Voilà ce que tout le monde sait, y compris les grands médias et ceux qui boivent les déclarations officielles. Un enfant de cinq ans pourrait tirer de ces simples données des conclusions dont sont incapables les consommateurs de déclarations officielles qui, rappelons-le, sont déjà des endoctrinés qui ne cherchent dans ces déclarations que le renforcement de ce qu’ils ont déjà dans la tête. N’’ayant qu’une connaissance limitée des faits, ils préfèrent voir comme un « fake » tout nouvel élément qui risque de démolir leurs certitudes. Il s’agit avant tout d’ignorance et du refus d’accepter cette ignorance.

D’autre part, que savons-nous de la fameuse dernière attaque chimique à Khan Sheikhoun en Syrie ?

- Bien que l’armée syrienne ne dispose plus d’armes chimique selon l’ONU, les « rebelles modérés » disent avoir subi une attaque au gaz sarin. Pour étayer leur allégation, ils diffusent sur internet des images sensées montrer cette attaque.

- Rappelons que les dits « rebelles modérés » ont déjà fait usage des armes chimiques, et il a été prouvé qu’ils disposaient encore de ces armes chimiques. Rappelons d’autre part qu’ils savent ce qu’implique l’utilisation des armes chimiques par l’armée syrienne. Le gouvernement syrien aussi connait ces implications.

- La France, les Etats-Unis, le Royaume Uni et Israël soutiennent officiellement ces mêmes « rebelles modérés » qui accusent leur ennemi d’avoir commis un acte qui, de toute évidence, ne procure aucun bénéfice au gouvernement syrien, mais le conduirait plutôt à sa perte.

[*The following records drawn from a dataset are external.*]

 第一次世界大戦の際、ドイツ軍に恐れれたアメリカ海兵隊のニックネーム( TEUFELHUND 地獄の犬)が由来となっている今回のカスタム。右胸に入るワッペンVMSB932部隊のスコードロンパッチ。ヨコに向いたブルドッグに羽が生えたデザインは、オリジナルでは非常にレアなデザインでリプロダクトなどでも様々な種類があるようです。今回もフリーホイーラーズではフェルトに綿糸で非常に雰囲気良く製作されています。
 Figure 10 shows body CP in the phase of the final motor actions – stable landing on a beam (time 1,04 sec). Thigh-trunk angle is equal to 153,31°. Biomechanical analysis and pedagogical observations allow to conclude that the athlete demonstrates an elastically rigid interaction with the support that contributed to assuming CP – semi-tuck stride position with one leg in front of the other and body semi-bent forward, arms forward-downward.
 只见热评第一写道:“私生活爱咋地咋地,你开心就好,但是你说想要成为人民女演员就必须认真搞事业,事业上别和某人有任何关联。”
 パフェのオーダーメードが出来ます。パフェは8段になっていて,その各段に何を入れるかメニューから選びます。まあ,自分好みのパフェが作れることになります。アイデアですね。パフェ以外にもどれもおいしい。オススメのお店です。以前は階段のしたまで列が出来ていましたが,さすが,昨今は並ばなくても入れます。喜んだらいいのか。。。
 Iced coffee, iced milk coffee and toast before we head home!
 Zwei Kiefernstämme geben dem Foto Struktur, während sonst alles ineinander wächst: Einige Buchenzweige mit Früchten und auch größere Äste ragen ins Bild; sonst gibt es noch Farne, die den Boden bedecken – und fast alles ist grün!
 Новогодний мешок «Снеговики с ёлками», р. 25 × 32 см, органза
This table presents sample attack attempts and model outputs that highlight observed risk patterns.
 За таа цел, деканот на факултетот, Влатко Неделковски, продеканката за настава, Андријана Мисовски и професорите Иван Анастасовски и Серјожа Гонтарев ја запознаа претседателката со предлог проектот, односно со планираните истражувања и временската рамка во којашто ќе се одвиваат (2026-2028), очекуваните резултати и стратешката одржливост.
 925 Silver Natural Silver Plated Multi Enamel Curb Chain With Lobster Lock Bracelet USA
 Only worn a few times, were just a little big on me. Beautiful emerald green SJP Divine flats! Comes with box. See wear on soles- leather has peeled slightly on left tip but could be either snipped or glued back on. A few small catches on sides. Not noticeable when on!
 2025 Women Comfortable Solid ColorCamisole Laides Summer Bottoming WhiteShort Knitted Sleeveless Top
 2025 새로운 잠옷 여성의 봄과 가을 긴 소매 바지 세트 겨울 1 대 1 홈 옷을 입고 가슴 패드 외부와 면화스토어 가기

Là encore, même un enfant de cinq ans pourrait voir la nature de l’annonce de l’attaque chimique à Khan Sheikhoun. En cas de doute au milieu des déclarations des uns et des autres, seule une enquête internationale pourrait avoir une quelconque valeur. Mais notre buveur de déclarations officielles ne peut se permettre de rester dans l’incertitude le temps d’une enquête officielle. Il lui faut sa certitude tout de suite, ne laissant aucune place pour les « je ne sais pas » ou les « peut-être ». C’est d’ailleurs ce qui explique leur arrogance face à ceux qui se posent des questions et qui doutent, et leur suffisance solidement adossée sur leur certitude (réelle celle-là) d’appartenir au plus grand nombre. Face à eux, il n’y a rien d’autre à faire que de tenter de leur faire relever eux-mêmes les incohérences de leurs discours afin d’ébranler leurs certitudes.